On the way, at a place where they spent the night, the Lord met him and tried to kill him. But Zipporah took a flint and cut off her son’s foreskin, and touched Moses’ feet with it, and said, ‘Truly you are a bridegroom of blood to me!’ So he let him alone. It was then she said, ‘A bridegroom of blood by circumcision.’
I have no idea why God wanted to kill Moses (or was it his son?) after he had just commissioned him to face Pharoah and free the Israelites. And I have no idea why Zipporah, Moses’s wife, decided to respond to this threat by cutting off her son’s foreskin and rubbing Moses’s feet with it! (I imagine Freudians would have a few things to say on the matter.) Who knows! But it worked. Rituals are powerful.
My son recently turned eighteen; passing through the threshold that separates a boy from a man, but without an established communal rite of passage to mark such a momentous occasion. We used to initiate our children into adulthood, and some of these ceremonies still happen in western civilisations, but usually in a fairly traditionalist way, around the age of puberty, when our biology dictates that we are ready for parenthood. Of course, now, we don’t believe that the physical capability to fertilise eggs or have our eggs be fertilised, is the time to declare someone an adult. What is adulthood anyway? Is it just some legal freedoms, burdens, and responsibilities? Is it about alcohol and money?
I certainly wasn’t intentionally welcomed into adulthood. And in those more liberal days, you could get served in pubs and clubs by the age of fifteen with no real bother. I suppose some folk had big parties thrown for them with speeches, symbolic gifts, and such. I didn’t. And I know my son doesn’t care at all for drinking. But I wanted to do something significant. And I wanted it to say something about adulthood. I needed a ritual.
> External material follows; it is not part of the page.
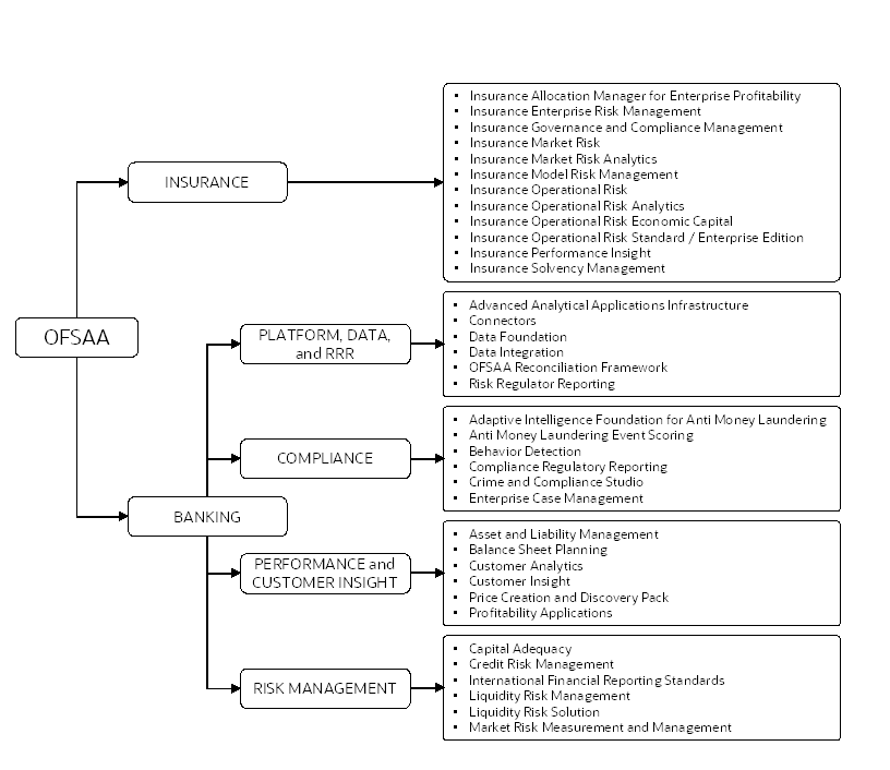 · Oracle Financial Services Analytical Applications Infrastructure (OFS AAI): powers the Oracle Financial Services Analytical Applications family of products to perform the processing, categorizing, selection and manipulation of data and information required to analyze, understand and report on specific performance, risk, compliance and customer insight issues by providing a strong foundation for the entire family of Oracle Financial Services Analytical Applications across the domains of Risk, Performance, Compliance and Customer Insight.

So, I made one up – remembering that everything was made up at one point in time. Even the most ancient of traditions were new-born rituals at some stage in our evolution, like circumcision, for instance. I also remembered what Christ taught us, when he, and his disciples, were breaking the rules of the ritualistic day of rest, the holy Sabbath:
‘The sabbath was made for man, not man for the sabbath.’
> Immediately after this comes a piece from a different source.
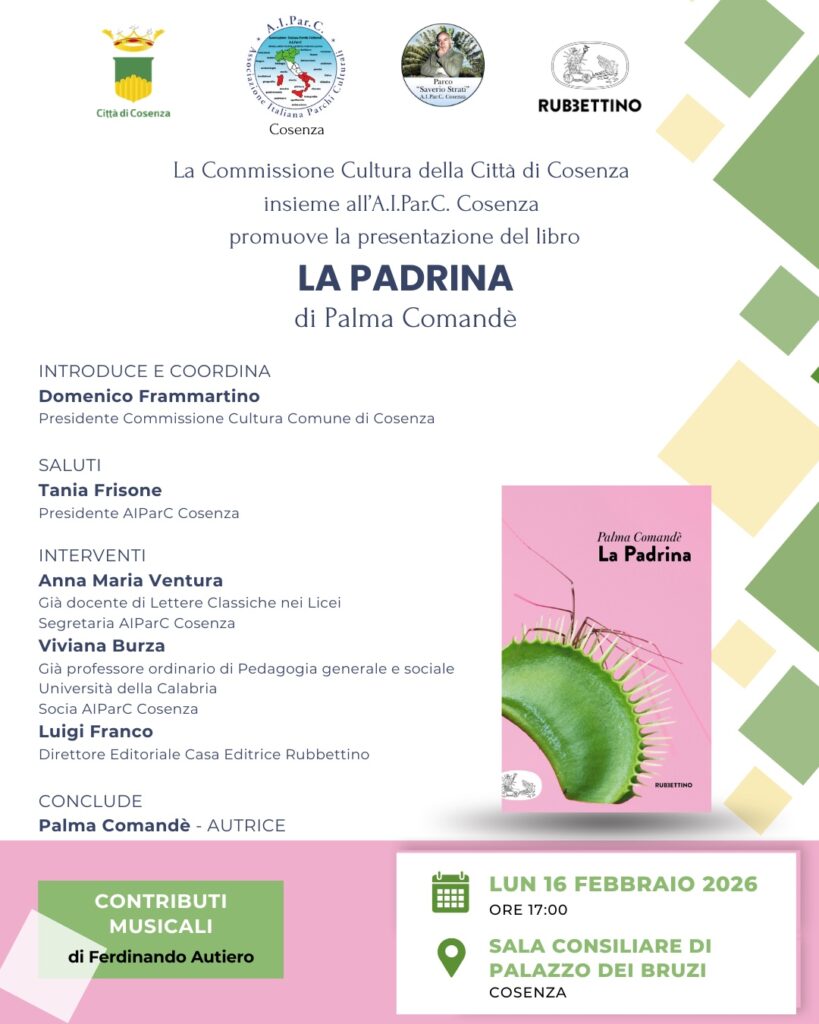 16 Febbraio 2026, ore 17:00 - Cosenza Sala Consiliare di Palazzo dei Bruzi Palma Comandè La Padrina FacebookPinterestTwitterLinkedIn

Rituals were made to serve us - not enslave us in dogma, legalism, and exclusivism. Which is why they need to evolve, adapt, and change with our rapidly evolving world. Otherwise, as Christ implies, who is serving who? At best religious rituals are services. Sadly, they are often duties and deadlines - confused with the spiritual substance they are meant to lead us towards. But if they don’t work, break them. Leave them. Forget about them.
‘The sabbath was made for man, not man for the sabbath.’
Now then, ancient boy-to-man rites of passage invariably involved some form of suffering - often a surprise abduction followed by a near-death experience. Indeed, the full-submersion baptism is a watered-down (quite literally) version of a ritualistic drowning, in which the initiate was held under the water until a trippy near-death experience was induced. And of course, occasionally the man holding the initiate under (usually an uncle) would mess-up his timings based on the quantity of bubbles reaching the surface, and would accidently kill the young chap. I think we can all agree that Baptisms would be far more engaging with these kinds of stakes! Anyway, there are many levels to the importance of inflicting some sort of near-death experience on the initiate. We all clearly need a good dose of mortality to keep us grounded, humble, and soulful. But also, we need to find meaning, purpose, and a relationship with suffering to live an adult life of service, work, wisdom, and love.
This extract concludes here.